▸ **Task brief**
Print the line containing "Традиционные картофельные латкес" and each line after it through the end of the material below, exactly as it appears, but skip the pictures.

▸ **Source data**

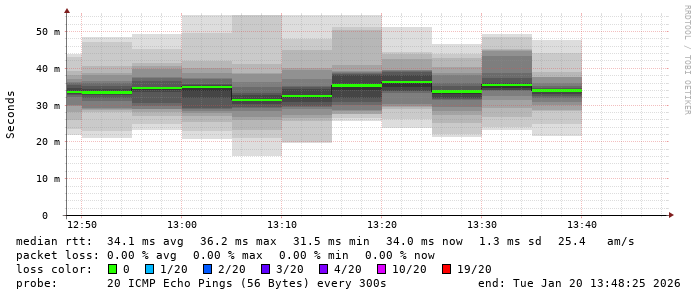 2. Median RTT 0.032700 seconds
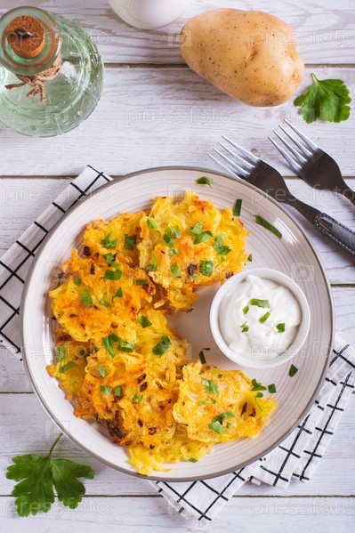Традиционные картофельные латкес с зеленью и соусом на тарелке на столе и вертикальный вид
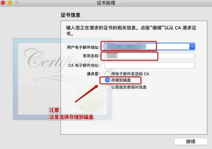 5)创建CSR文件02(填写电子邮件地址,常用名称,这两项都可以随便填,注意要把CSR文件存储到磁盘)

▸ **Answer box**
Традиционные картофельные латкес с зеленью и соусом на тарелке на столе и вертикальный вид
 5)创建CSR文件02(填写电子邮件地址,常用名称,这两项都可以随便填,注意要把CSR文件存储到磁盘)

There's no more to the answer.